Зюскинд осознал, приказ на его задержание поступил сверху, раз служивые не берут денег, значит, его дела очень плохи.
Опытные следователи связали веревкой ноги, надели на интеллигентное лицо Вениамина противогаз, в котором отверстия для поступления воздуха надежно заклеены. И началось…
Он кричал, но его не слышали, он извивался, бил ногами, задыхался. Воздух не поступал…
Зюскинду показалась – прошла вечность, он задыхался, лицо вспотело, комната поплыла, в глазах резко потемнело, как будто выключили свет. Мучители почувствовали важность момента, сняли противогаз.
– Слабак помощник у Черткова… Он у нас девочка! Ца-ца!
– Нет, он – голубой слоник, – безапелляционно заявил Максим Думка и плеснул в лицо пленника холодной водой из графина.
Зюскинд закашлял, сплюнул, во рту у него остался мерзкий привкус резины от старого противогаза.
– Не плюй на пол! Интеллигент гнилой, видели мы тут всяких. Заговоришь, как миленький!
– Признание писать будешь? "Александр Евгеньевич Чертков давал мне распоряжение опорочить достойных людей" или пойдешь по статье распространение наркотиков.
Зюскинд молчал…
Он глубоко дышал, пока ему снова не надели противогаз, который в перерывах между пытками безжизненно страшной, уродливой, сморщенной гримасой валялся на полу.
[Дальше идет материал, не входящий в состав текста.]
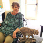 Paulette, a member of the Made in Montana Organization, has been painting such statues for over 15 years. Her projects adorn the Aspen Grove lobby, and her artistry has become a center of the community as residents check in on her progress and look forward to seeing what animal will join the line-up which already includes a bear, a bobcat, an eagle, a big-horn ram, and various other local creatures, as well as a gunman resting on a cliff.
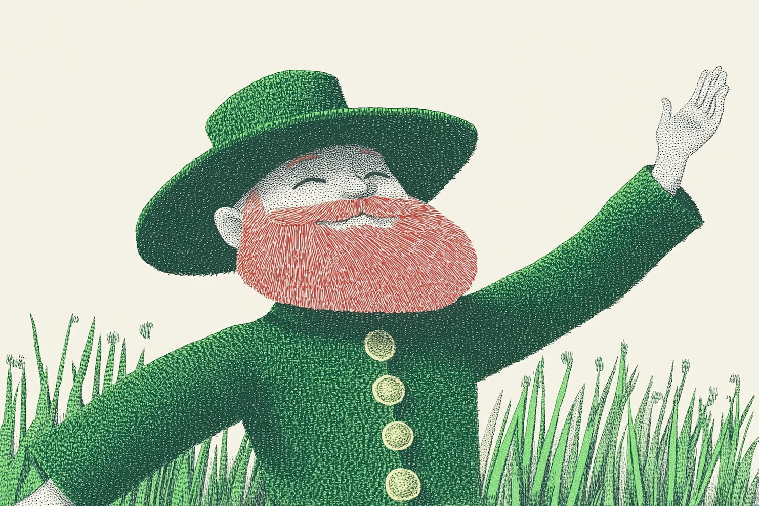 Cheerful illustration of a bearded character in green attire, standing in tall grass with a welcoming gesture and a joyful expression.
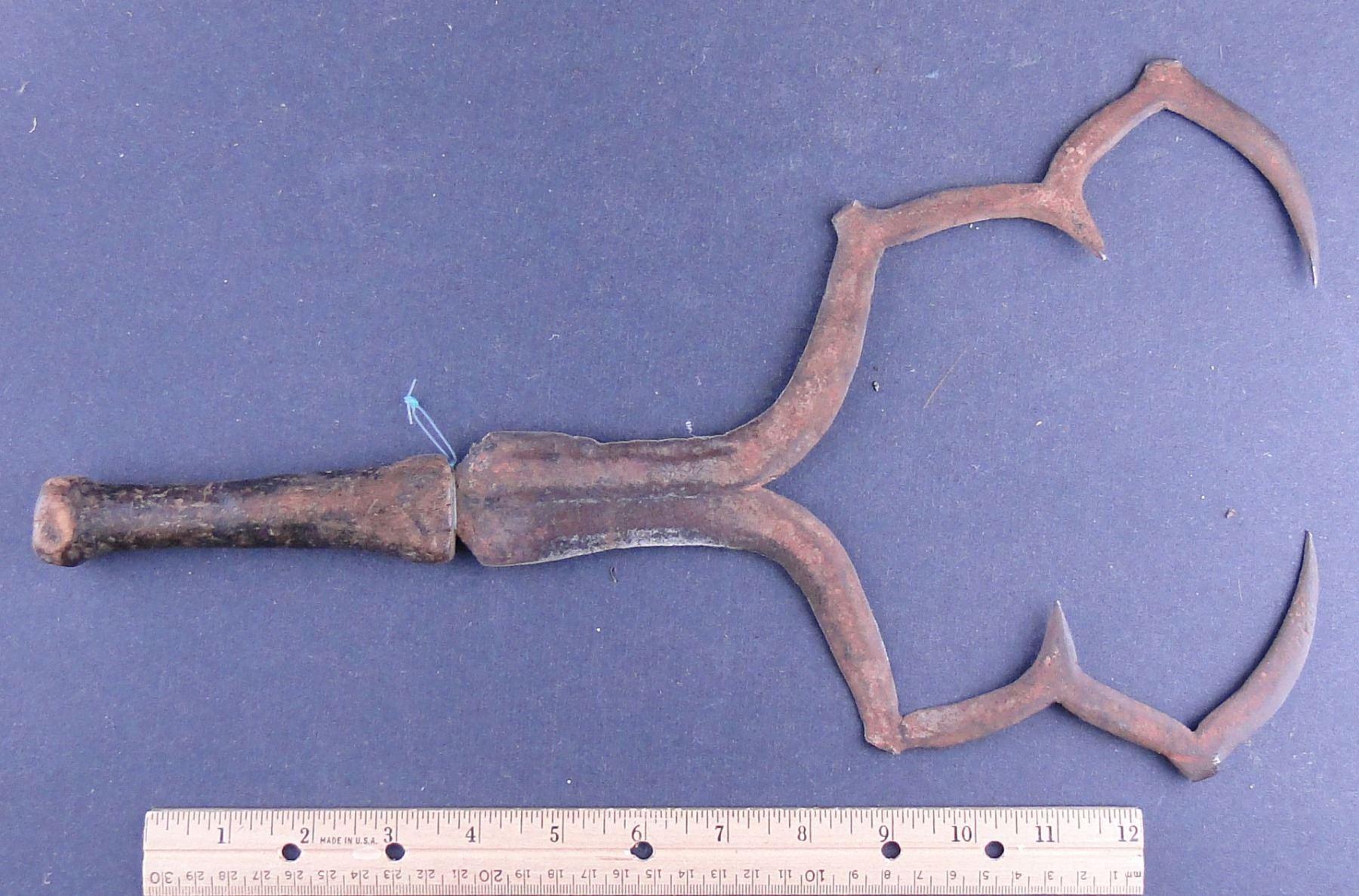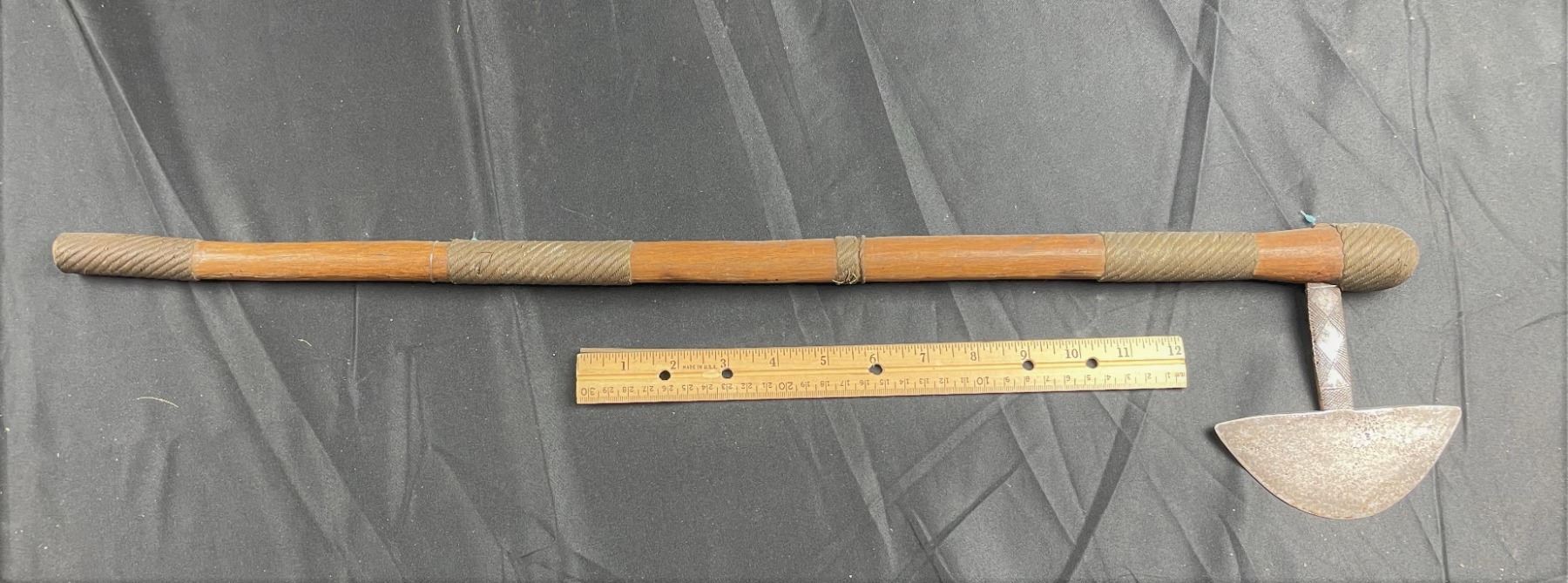 Description: Two further examples of exotic African knife money comprise this lot: (1) A double-pronged knife of the Konda Tribe, worthless as a weapon and used only in dances and as currency. See Opitz, pp. 181-83 (this piece illustrated on p. 183). (2) An axelike "knife" or hatchet with wire bindings over portions of the wood handle, used by the Zulu Tribe of South Africa. See Opitz, pp. 186-87.

Думка взял в руки железный прут, снял с помощника Черткова обувь, и стал со всей силы бить по его ухоженным пяткам. От страшной, пронизывающей тело боли Веник упал в обморок. Максим Думка в очередной раз плеснул ему водой в лицо.
Телефонный звонок временно прервал экзекуцию. Звонил Родион Павлович Хомяк. Выслушав подробный отчет подчиненных, он вспомнил по алфавиту словарный запас нецензурных слов, имеющихся в арсенале правоохранителей, и направил их в адрес подчиненных. Результат отсутствовал. Зюскинд играл роль "крепкого орешка". Через тридцать пять минут генерал милиции решил лично прибыть в районное отделение. Небывалый случай!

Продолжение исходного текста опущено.